# Thread: Kernels and homomorphism of groups

1. ## Kernels and homomorphism of groups

Let $(G,*)$ and $(H, \circ)$ be any two groups, and let $f:G$ x $H \rightarrow \ G$ be given by $f(g,h) = g$. Prove that f is a homomorphism of groups and give ker f.

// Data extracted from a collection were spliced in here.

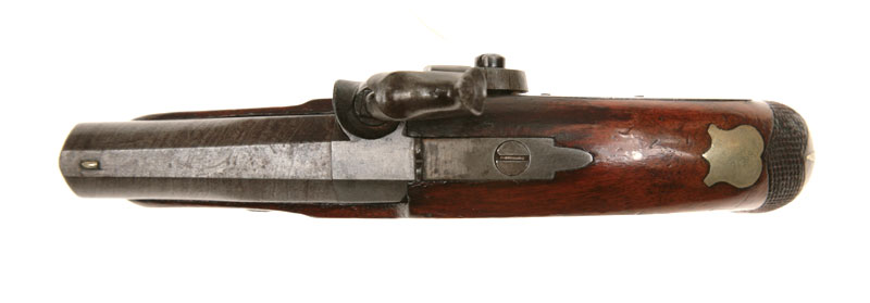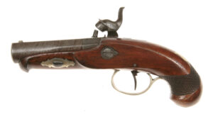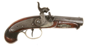 A handsome 19th century Percussion Derringer. Six centimeter long Damascus-barrel with seven grooves at the muzzle. Calibre 11mm. Lockplate signed “TRYON”. Length overall 16,5cm. George W. Tryon and his descendants manufactured arms in Philadelphia from 1811.
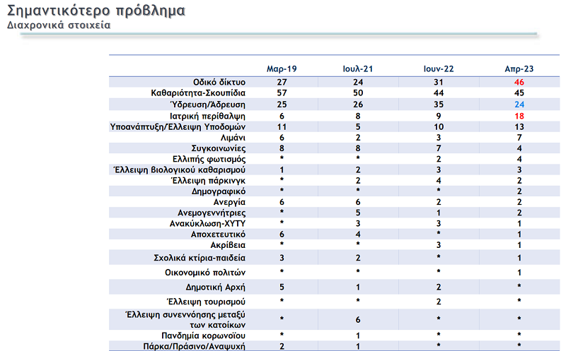Από τα 22 προβλήματα της λίστας που τέθηκε υπόψη των δημοτών της Άνδρου 5 αξιολογήθηκαν ως κυριότερα. Και τα 5 αξιολογούνται ως κυριότερα από το 2019. Και αυτά είναι: καθαριότητα, οδικό δίκτυο, ύδρευση, ιατρική περίθαλψη, έλλειψη υποδομών. Στην καθαριότητα όμως υπάρχει σαφής βελτίωση κατά 12% στην 4ετία. Στα άλλα προβλήματα αναγνωρίζονται σε μεγάλο βαθμό στο οδικό δίκτυο. Η έλλειψη υποδομών κινείται σε χαμηλά νούμερα. Η ιατρική περίθαλψη δείχνει απότομη χειροτέρευση το 2023.
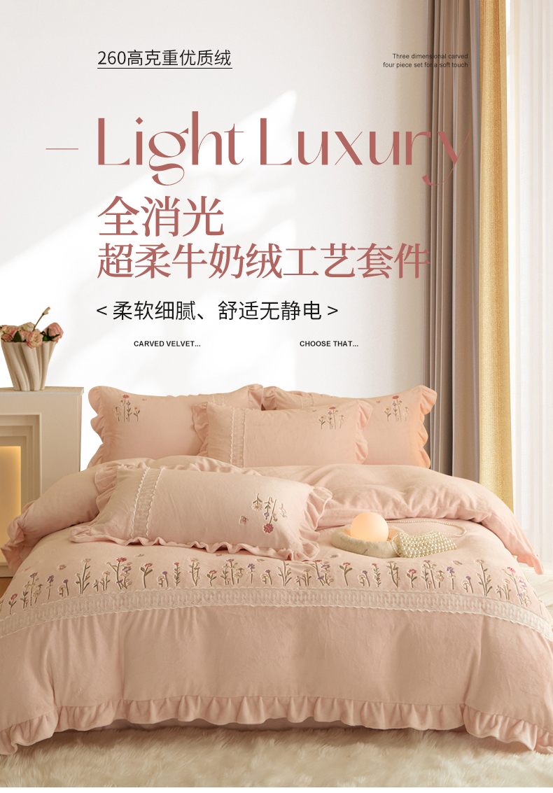 (总)艾唯希家纺 2025新款小兔毛全消光牛奶绒工艺四件套-绒樱桃系列,绒樱桃-粉,绒樱桃-驼
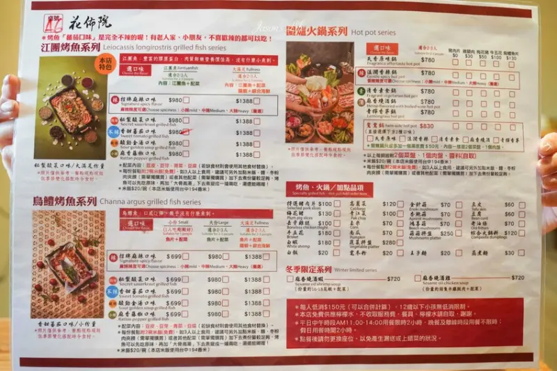 接下來要介紹他們家的招牌餐點啦!像是火鍋、酸菜魚,還有豆花,聽說都很厲害。酸菜魚還有分2到3人份,魚的種類可以選江團烤魚或是烏鱧烤魚。
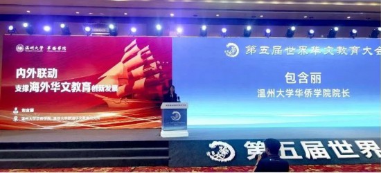温州大学华侨学院院长包含丽代表温州大学,作为全国500家华文教育基地代表、全国高校代表,在大会开幕式上做主旨发言,得到与会听众热烈反响。
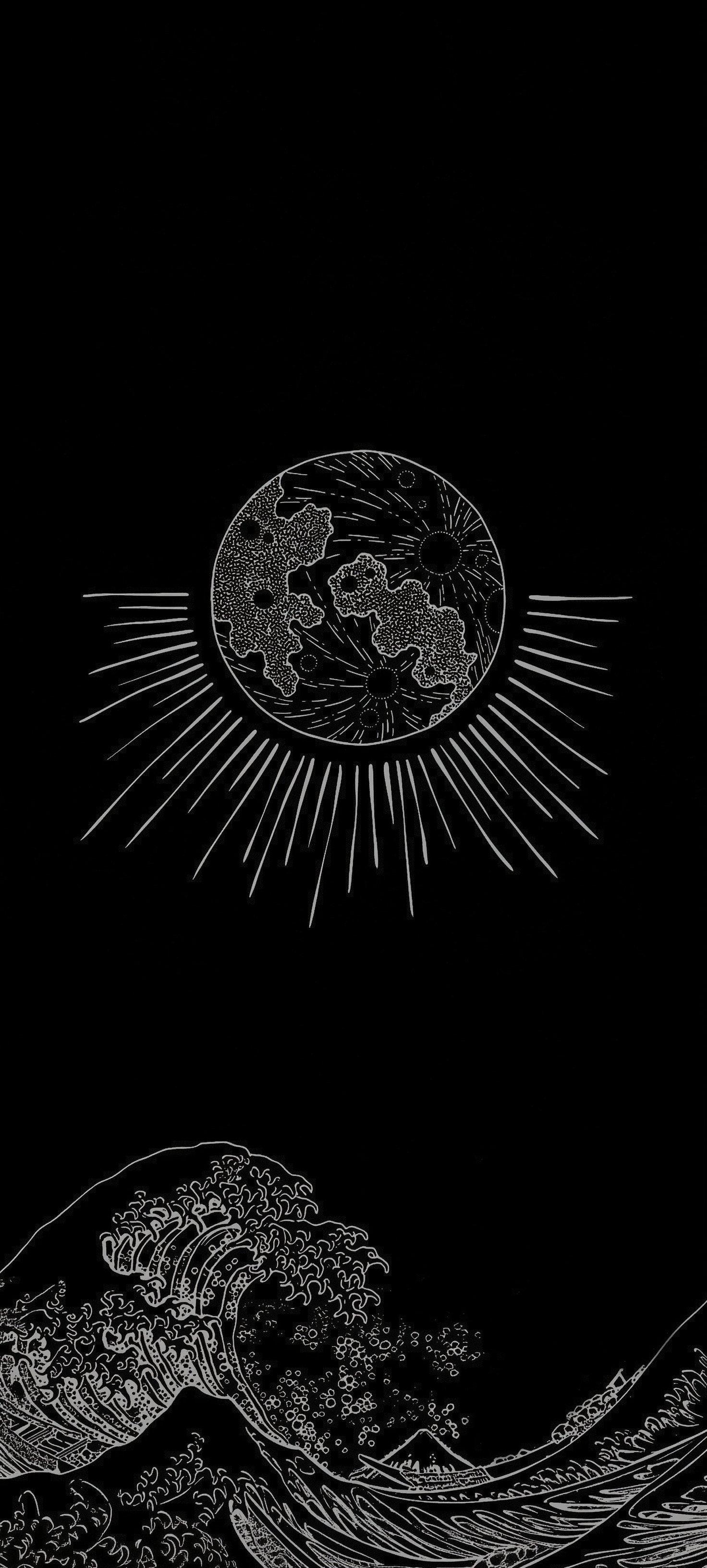 A stylized celestial moon with radiating rays hangs above a churning ocean wave in a stark black and white minimal aesthetic.
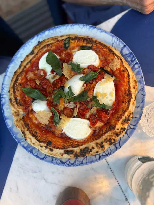 - Pomodoro san marzano, fior di latte, acciughe, olive taggiasche, basilico e olio evo
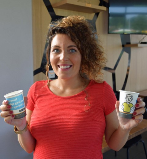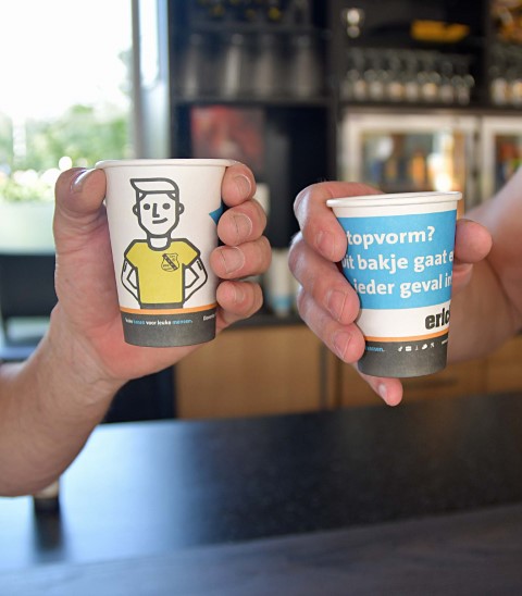 Carmen van Mossel vestigingsmanager is het aanspreekpunt in Vaassen. We wilden ons plastic afval verminderen en kwamen zo samen met Ludo, overigens ook oud Vios speler, op het idee om papieren bekers te gebruiken als sponsor medium.
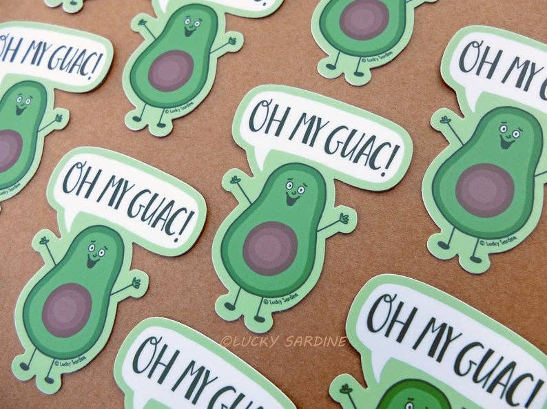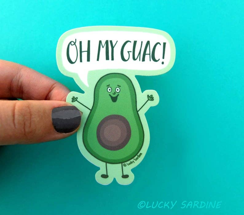 Funny, OMG avocado vinyl sticker! *Approximately 3.12" x 2.37" *Printed on water-resistant, coated vinyl. *Thick, durable vinyl with a UV laminate. *Weatherproof, waterproof, and scratch-resistant. *Dishwasher safe. *Lovingly designed at our studio in South Carolina.
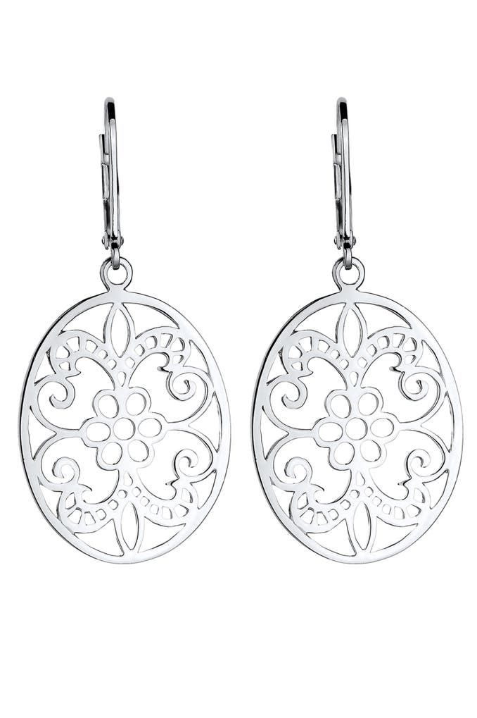 ELLIOhrringe Ornament Blume Orientalisch Oval Schmuck Geschenk 925 Silber Silber
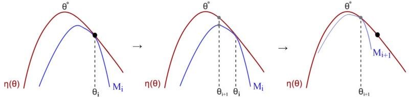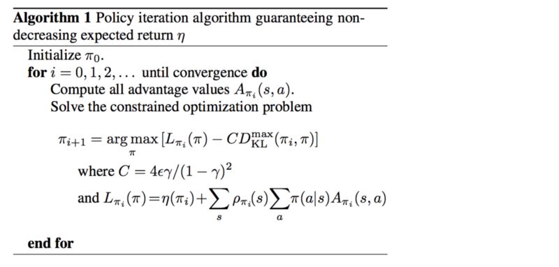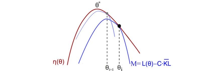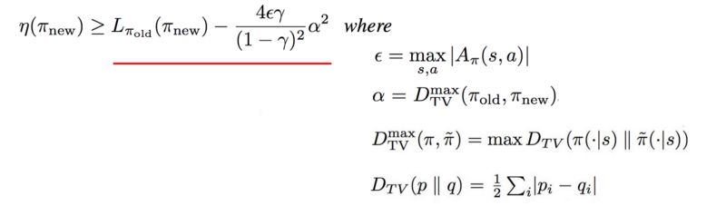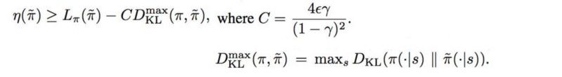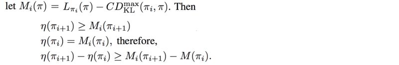 当 KL( θi, θi )=0 时, M 在近似于预期的奖励的局部值:这是对MM算法的要求。接下来我们讨论下界函数M的细节 。TRPO 论文附录A中的两页证明 η的有一个确定的下限 。
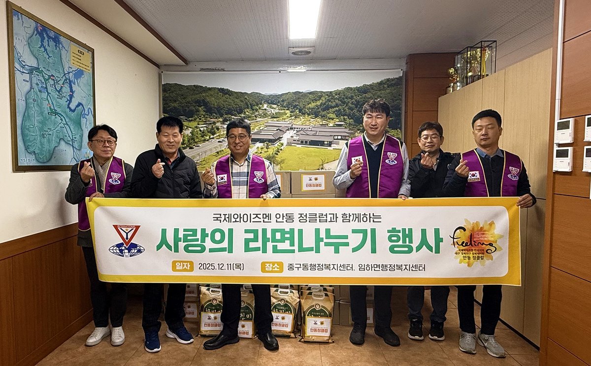국제 와이즈멘 대경지구 안동정클럽은 연말을 맞아 12월 11일 라면 30박스, 쌀 3kg 14포를 관내 소외된 이웃들을 위해 사용해달라며 임하면행정복지센터에 기부했다.이번에 전달된 후원물품은 복지 사각지대에 있는 지역주민 및 저소득 취약계층 등 지원이 필요한 가구에 배부되며, 추운 겨울을 보내는 이웃들에게 따뜻한 정을 전하는 데 사용될 예정이다.국제 와이즈멘 대경지구 안동정클럽은 소외된 이웃을 돕기 위한 지속적인 봉사와 나눔을 실천하고 있으며, 연탄 나눔․후원금 전달 등 지역사회를 위한 따뜻한 선행을 꾸준히 이어 오고 있다.한동희 대표는 “작지만 의미 있는 나눔이 어려운 이웃들에게 도움이 되길 바란다”며 “국제 와이즈멘 대경지구 안동정클럽은 앞으로도 지역사회와 함께하는 봉사와 나눔 활동을 꾸준히 이어가겠다”고 밝혔다.송정훈 면장은 “연말을 맞아 따뜻한 손길을 전해주신 클럽 회원들께 감사드린다”며 “기탁된 물품은 도움이 필요한 취약계층 주민들에게 신속하게 전달될 수 있도록 최선을 다하겠다”고 말했다. -

2. we show it is a homomorphism.
Let $(g_1,h_1),(g_2,h_2) \in G \times H$
$f((g_1,h_1)(g_2,h_2))=f((g_1 * g_2, h_1 \circ h_2))=g_1 * g_2 = f((g_1,h_1))*f((g_2,h_2))$

$Ker(f) = \{(g,h)\in G \times H | f(g,h) = 0 \} = \{(g,h)\in G \times H | g=0 \}= \{0\} \times H$

3. Originally Posted by funnyinga
Let $(G,*)$ and $(H, \circ)$ be any two groups, and let $f:G$ x $H \rightarrow \ G$ be given by $f(g,h) = g$. Prove that f is a homomorphism of groups and give ker f.
let $(a,b),(c,d) \in G \times H$

Then

$
f[(a,b)\cdot(c,d)]=f[(a*c,b\circ d)]=a*c=f[(a,b)]*f[(c,d)]
$

So f is a homomorphism

ker(f) is the set of all elements that get mapped to 0

since the 2nd coordinate does not affect the immage of f

$ker(f)=\{ (0,b):b \in H\}$

4. ## Generalization

I was just thinking it might be of interest to you to note that this same concept can be generalized to multiple products and considering the mapping $\pi_i : G_1 \times G_2 \times ... \times G_n \rightarrow G_i$ by $\pi_i(g_1, g_2,..., g_i,..., g_n) = g_i$

This is a homomorphism and the kernel of this is $G_1 \times G_2 \times ... \times \{0\} \times G_{i+1} \times ... \times G_n$. And if you apply the first isomorphism theorem you know that $\frac{G_1 \times G_2 \times ... \times G_n}{ker(\pi_i)} \cong Im(\pi_i) = G_i$